= Jay Kirby =

American Actor

Jay Kirby (born William Bennett George, January 28, 1920 – July 30, 1964) was an American actor in films and television. He was best known for playing Johnny Travers, the youthful sidekick of Hopalong Cassidy in six films in the 1940s.

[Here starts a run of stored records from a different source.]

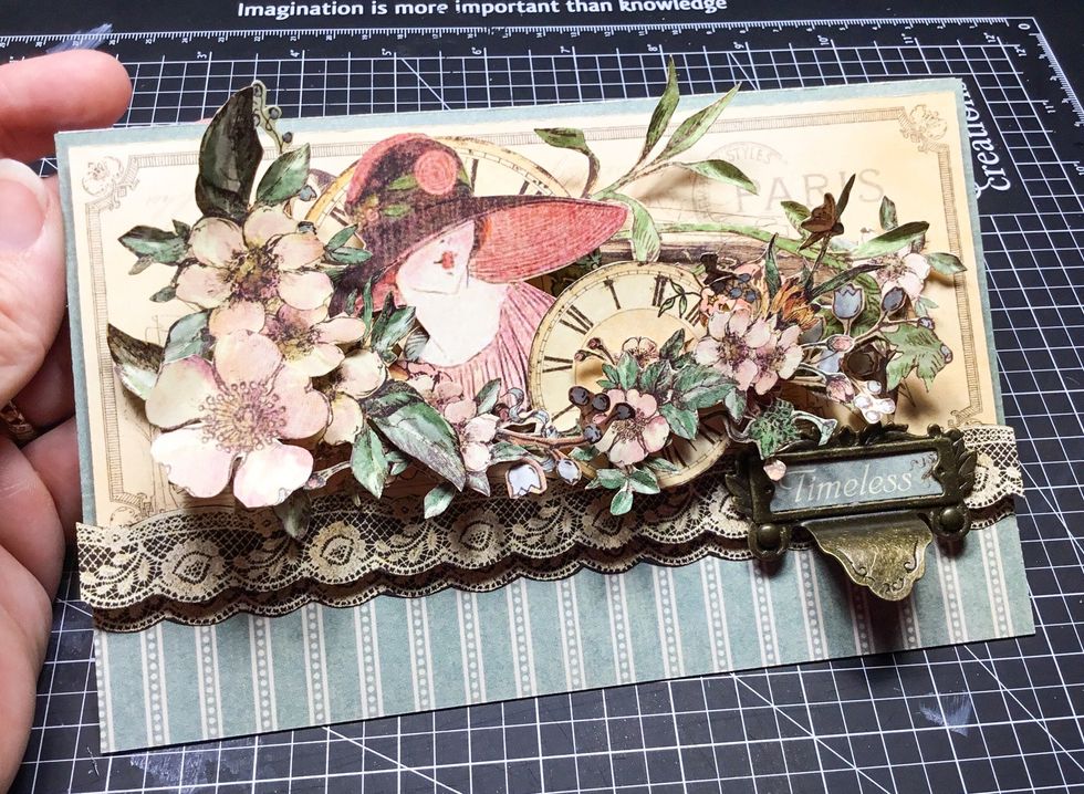 Locate and fussy cut images shown from A Ladies Diary patterned papers. The folded card size is 7" x 4 1/2" this was made from contrasting cardstock.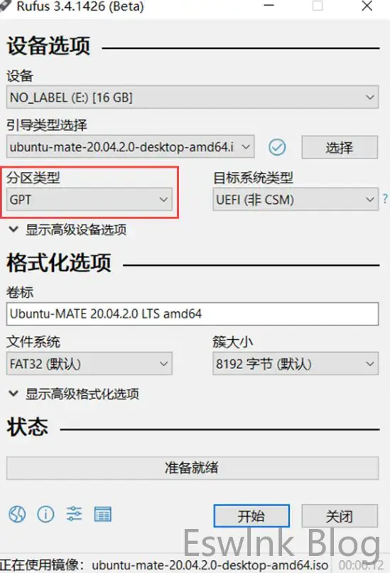 3、将16 GB U盘插入电脑,打开「Rufus」,镜像档选择「Ubuntu」,选择「GPT」,其他选项保持默认,点击制作。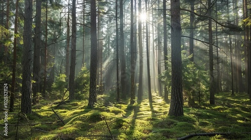 Obraz premium Tack-sharp capture of an ancient pine forest, sunbeams, forest floor detail,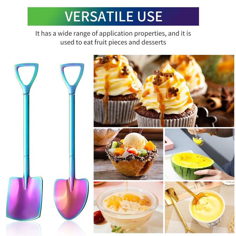 - Set of 32 dessert spoons: 16 pointed scoops and 16 scoop spoons. Shovel spoon stainless steel can be reused. It can not only save costs, but also protect the environment and reduce plastic pollution. Four colours are selected, the unique colour design makes you look very unique and have personal features. The quantity and colours are enough for your daily use.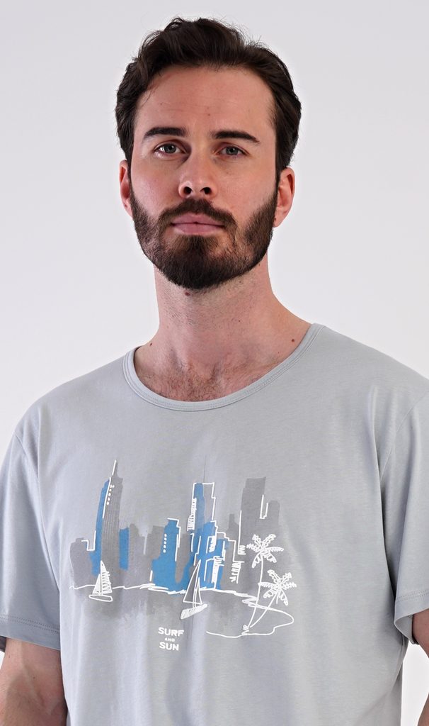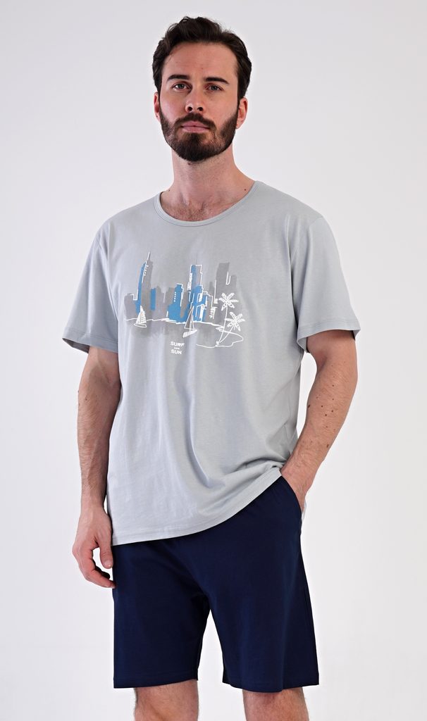 Pánské bavlněné šortkové pyžamo Bruno. Pánské pyžamo se skládá z trička s krátkým rukávem a krátkých šortkových kalhot. Jednobarevné tričko zdobí obrázek zátoky ve velkoměstě. Šortky mají praktické kapsy, v pase gumu a šňůrku na stáhnutí. Použitý materiál s podílem bavlny 100% je příjemný a poddaný na dotek. Pyžamo oceníte obzvlášť v horkých letních dnech.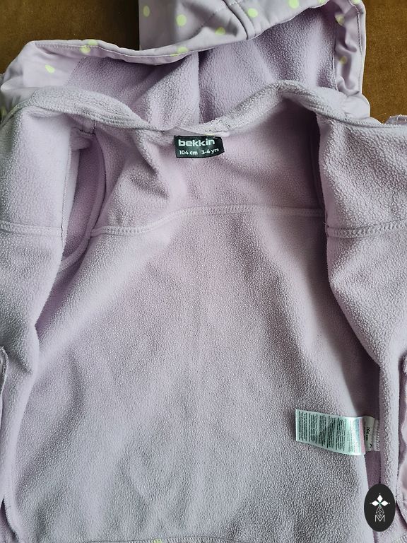 The size is marked as 104, but we tried it on a 110 and even a 116. So it will fit for a long time. The fasteners work well, there are a few minor details that are worn out - for example, the ribbon on the zipper, but there are no other defects or damage.

In 1948, he and his wife Carmelle George were divorced and the custody of their one-year-old son was given to his wife.

==Career==
Kirby was born in Kansas City, Missouri. He began acting in films in 1942, when he was cast to replace Russell Hayden as the boyish partner to cowboy hero Hopalong Cassidy. He was an aviation cadet in the U.S. Army Air Forces during World War II but does not appear to have served long, as his screen appearances are continuous throughout the war and afterward for several years. In 1949 he reverted to his real name, Bill George, for his last feature film and his subsequent television roles. He died at 44 and was buried in the Los Angeles National Cemetery.

==Filmography==

| Year | Title | Role | Notes |
| 1942 | Undercover Man | Breezy Travers |  |
| 1942 | Lost Canyon | Johnny Travers |  |
| 1943 | Hoppy Serves a Writ |  |
| 1943 | Border Patrol | Texas Ranger Johnny |  |
| 1943 | The Leather Burners | Johnny Travers |  |
| 1943 | Colt Comrades |  |
| 1944 | Marshal of Reno | Danny Boyd |  |
| 1944 | Zorro's Black Whip | Randolph Meredith | Serial, [Ch.1] |
| 1944 | Sheriff of Las Vegas | Tom Blackwell |  |
| 1944 | Sundown Riders | Jay Kirby |  |
| 1945 | Rockin' in the Rockies | Rusty Williams |  |
| 1945 | Wagon Wheels Westward | Bob Adams |  |
| 1946 | Days of Buffalo Bill | Jim Owens |  |
| 1946 | King of the Forest Rangers | Hale - Forest Ranger at Assayer's Office | Serial, [Ch. 11], Uncredited |
| 1946 | Conquest of Cheyenne | Tom Dean |  |
| 1947 | Bells of San Angelo | Rider | Uncredited |
| 1948 | Oklahoma Badlands | Ken Rawlins |  |
| 1948 | Partners of the Sunset | Dan Thompson |  |
| 1948 | Son of God's Country | Frank Thornton |  |
| 1949 | Masked Raiders | Luke Trevitt |  |

He starred in an episode of The Cisco Kid.